Mas a “ordinariedade” de que fala Manoel nada tem a ver com o “ordinário” das coisas ética e politicamente
infames.
Curiosamente , a ideia de “ordinário” vem da matemática, assim como a noção de “extraordinário”. Na matemática,
os “pontos ordinários” de um triângulo são
os inumeráveis e indistintos pontos que ocupam cada um dos lados da figura, ao
passo que seus três “pontos extraordinários” ou “singulares” localizam-se em
cada ângulo do triângulo. Em uma reta, por sua vez, os pontos extraordinários
são dois: os que ocupam os extremos da linha.
Mas
a relação entre ordinário e
extraordinário mostra toda a sua riqueza quando examinamos o círculo. Tal
figura geométrica parece destituída de pontos extraordinários ou singulares.

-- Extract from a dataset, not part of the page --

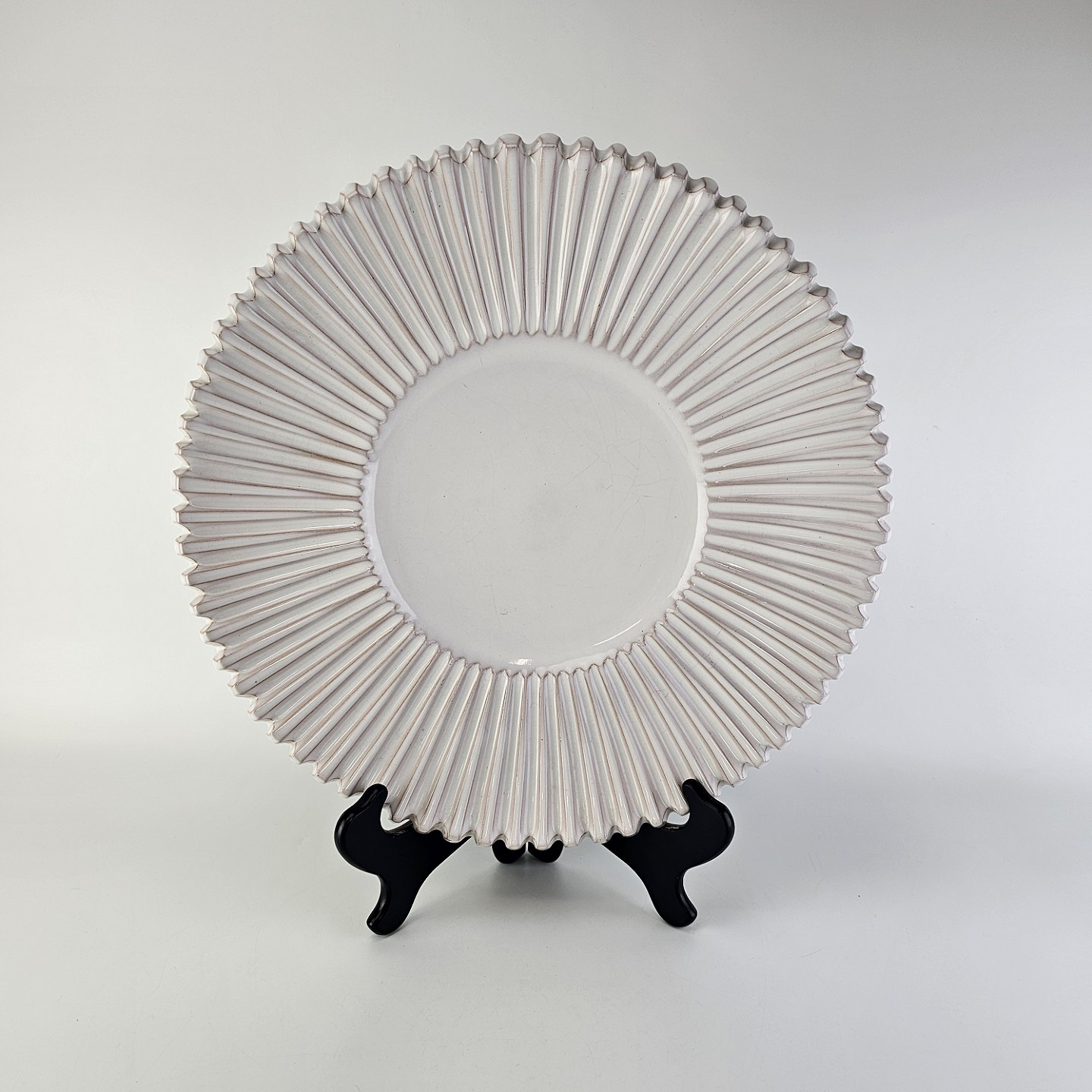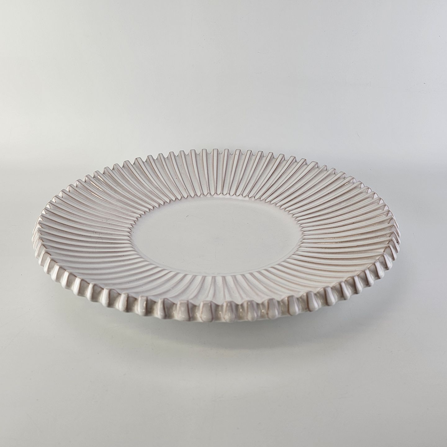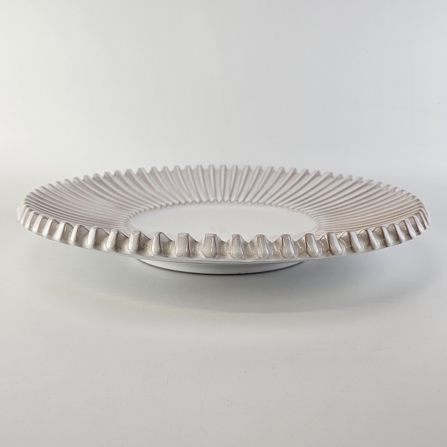 Stort riflet fad i hvidt porcelæn

Geralmente se costuma dizer que nossa
vida é um círculo: o círculo de nossa vida. Então, estaria o círculo de nossa
existência destituído de momentos singulares? Estaria nossa vida refém do
ordinário?
Porém
o círculo guarda um segredo, tanto na matemática como na vida: qualquer
ponto ordinário seu pode metamorfosear-se em ponto extraordinário, se por ele
passar uma “tangente”.
“Tangente” significa: “ o que toca ou
afeta”. Na matemática, a tangente é uma linha que , vindo de fora, toca o
círculo, compartilhando com ele um mesmo ponto, abrindo-o.
Na vida há tangentes também: uma
tangente pode ser qualquer coisa que, como “linha de fuga”, potencialize o sentir e o pensar, desabrindo-os. Em Manoel de Barros,
“desabrir” é abrir-se para horizontes , externos e internos.

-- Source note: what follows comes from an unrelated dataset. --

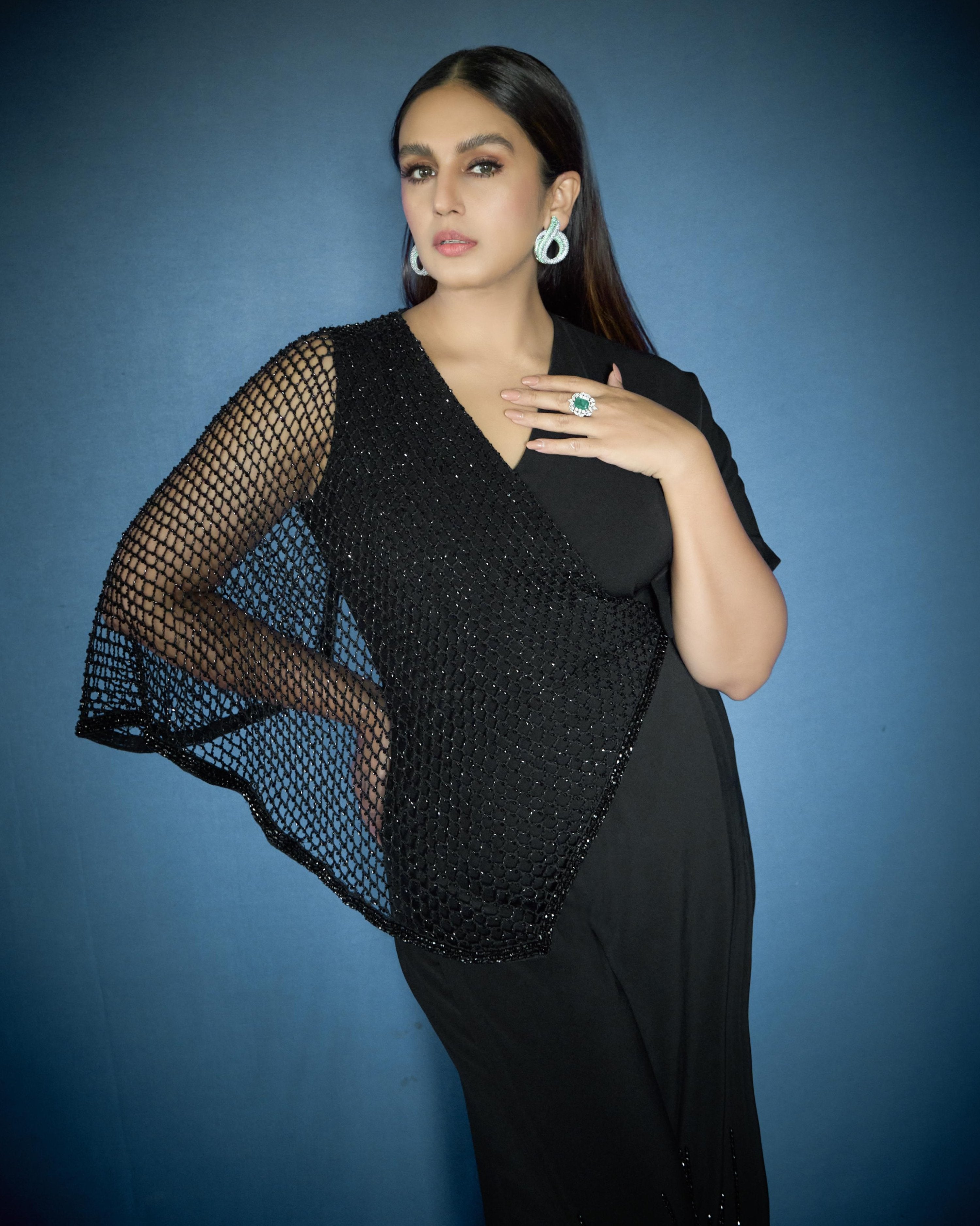 Make a statement in this classy black Italian crepe jumpsuit, designed to impress with its exquisite handmade geometric latticework adorned with shimmering beads and crystals. The sleek silhouette flatters your figure while offering a modern, sophisticated look. Perfect for upscale events or evening outings, this jumpsuit combines elegance with a touch of artistic flair, ensuring you stand out in style.

“Linha de fuga” não é fugir de algo,
mas fazer fugir algo que estava aprisionado : ao desfiar o uniforme de louco que o poder normalizador
lhe punha, Arthur Bispo do Rosário queria encontrar o fio que o uniforme
aprisionava , para assim libertar o fio da forma acostumada, libertando assim a
si mesmo, e com o fio livre bordar sua história nunca antes contada.
Um fio assim se torna linha de fuga e tangente
para bordar Potências expressivas que também se tornam remédios para a saúde da mente.
Toda tangente abre o que está fechado,
deixando entrar luz, ideia ou ar. No encontro da tangente da poesia com o círculo de nossa vida , este
é tocado e se abre, o suficiente para um pouco de vida de novo entrar.